WHAT IS REQUIRED — The full listing should be written out verbatim, and its images should be dropped.

*** Opening GIVEN MATERIAL ***

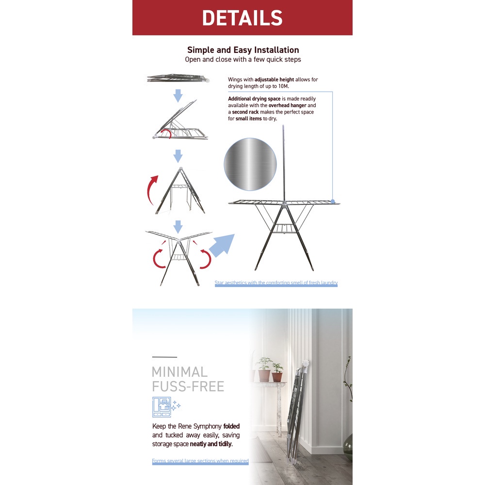 Rene High Quality Symphony Stable & Solid Stainless Steel Clothes Dryer (Laundry Dryer) Drying Rack (Indoor/Outdoor)
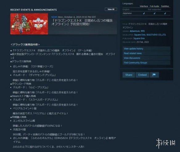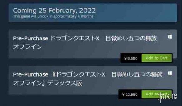 SE旗下《勇者斗恶龙10:觉醒的五个种族 离线版》现已上架Steam(目前仅在日服上线),游戏预购已开启。商店也显示本作仅支持日语,售价为8580日元(约合人民币495元)。
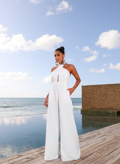 Este macacão apresenta um corte sofisticado com a frente única, que realça os ombros e o colo, criando uma silhueta alongada e graciosa. A versatilidade do design permite que você amarre o pescoço de diferentes formas, seja em um laço delicado ou em um estilo mais solto, adaptando o visual conforme a ocasião e seu estilo pessoal. Na parte das costas, um elástico no cós proporciona um ajuste confortável e flexível, acentuando a cintura e garantindo um caimento perfeito. Isso permite liberdade de movimento, tornando-o ideal para festas, eventos ou até mesmo para um dia casual. O fechamento em zíper na lateral facilita o vestir e despir, garantindo praticidade sem comprometer a estética da peça. Os bolsos laterais adicionam um toque funcional, permitindo que você carregue pequenos itens de forma discreta e prática.

*** Closing GIVEN MATERIAL ***

ANSWER BELOW —
 Rene High Quality Symphony Stable & Solid Stainless Steel Clothes Dryer (Laundry Dryer) Drying Rack (Indoor/Outdoor)
 SE旗下《勇者斗恶龙10:觉醒的五个种族 离线版》现已上架Steam(目前仅在日服上线),游戏预购已开启。商店也显示本作仅支持日语,售价为8580日元(约合人民币495元)。
 Este macacão apresenta um corte sofisticado com a frente única, que realça os ombros e o colo, criando uma silhueta alongada e graciosa. A versatilidade do design permite que você amarre o pescoço de diferentes formas, seja em um laço delicado ou em um estilo mais solto, adaptando o visual conforme a ocasião e seu estilo pessoal. Na parte das costas, um elástico no cós proporciona um ajuste confortável e flexível, acentuando a cintura e garantindo um caimento perfeito. Isso permite liberdade de movimento, tornando-o ideal para festas, eventos ou até mesmo para um dia casual. O fechamento em zíper na lateral facilita o vestir e despir, garantindo praticidade sem comprometer a estética da peça. Os bolsos laterais adicionam um toque funcional, permitindo que você carregue pequenos itens de forma discreta e prática.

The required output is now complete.